For comparison purposes, the DAG-informed ABM was evaluated alongside two other models: a naïve ABM and a Microsimulation Model (MSM). The naïve ABM was constructed using the same synthetically generated data; however, agent interactions were based on the assumptions typically input rather than informed by the DAG. Specifically, agents were assumed to be susceptible to infection based on demographic criteria. For example, individuals younger than 18 years or older than 65 years were considered inherently more vulnerable. This assumption was derived from general background research rather than causal relationships explicitly informed by the DAG.
The MSM was created to specifically remove the spatial constraints inherent in the ABM. In the DAG-informed ABM, uninfected agents become infected only if they come into contact with an infected agent within a defined radius of one patch (where a patch represents the basic unit of distance measurement in NetLogo). In contrast, the MSM eliminates this spatial restriction, allowing interactions to occur without the one-patch radius limitation. Further details and the NetLogo code are added to the project GitHub repository.
Key findings
Our findings indicate that integrating a DAG-informed causal framework into the agent-based model enhances its ability to capture the complexity of disease dynamics. By generating synthetic data that adheres to a target correlation structure defined by key epidemiological factors, it is ensured that the ABM accurately reflects the intended causal relationships. Compared with both the naïve ABM and the MSM, the DAG-informed approach produced results that more closely aligned with our a priori assumptions, offering a robust representation of disease-transmission dynamics over discrete time points.

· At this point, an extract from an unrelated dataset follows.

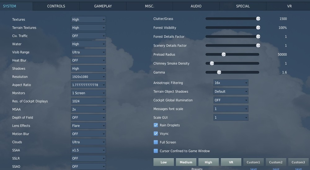 Hi Having an issue where fences around airfields etc and coastlines flicker a lot at a distance and not when zoomed in. Any recommended settings to remove that? I've added my current settings and also system specs. Here is a sample video https://www.youtube.com/watch?v=H7IMGVNVC9o Thanks

Figure 3: NetLogo simulation of the DAG-informed ABM. The ABM shows white coloured agents representing individuals who remain uninfected for the duration of the simulation.
A particularly interesting observation was that in the DAG-informed model, some individuals remained uninfected throughout the simulation. This result mirrors real-world patterns where not everyone contracts a disease. In contrast, the naïve model demonstrates complete population infection, with every agent eventually becoming infected, suggesting a lack of inherent protective factors or heterogeneity in agent characteristics. This underscores the limitations of simplistic models that rely purely on random interactions without accounting for underlying causal relationships.
Table 1: Showing the result metrics for each model.
| Metric | Naive ABM | DAG-informed ABM | MSM |
| Initial Infection Rate (%) | 5.1 | 51.2 | 52.2 |
| Infection Rate (%) | 91.1 | 46.4 | 63.0 |
| Never-Infected count | 0.0 | 75.0 | 2.0 |
| Recovery Rate (%) | 100.0 | 95.0 | 99.8 |
| Simulation Runtime (seconds) | 60.3 | 29.1 | 24.8 |

Figure 4: Results charts for each model.
In the DAG-informed model, the infection rate peaks early before gradually declining as recovery rates surpass new infections, eventually reaching a stable state. This model captures the natural progression of a disease outbreak; one possible explanation is that accounting for immunity within the population contributes to slowing transmission. Meanwhile, the MSM produces smoother curves indicating a more generalized spread due to the removed spatial constraints.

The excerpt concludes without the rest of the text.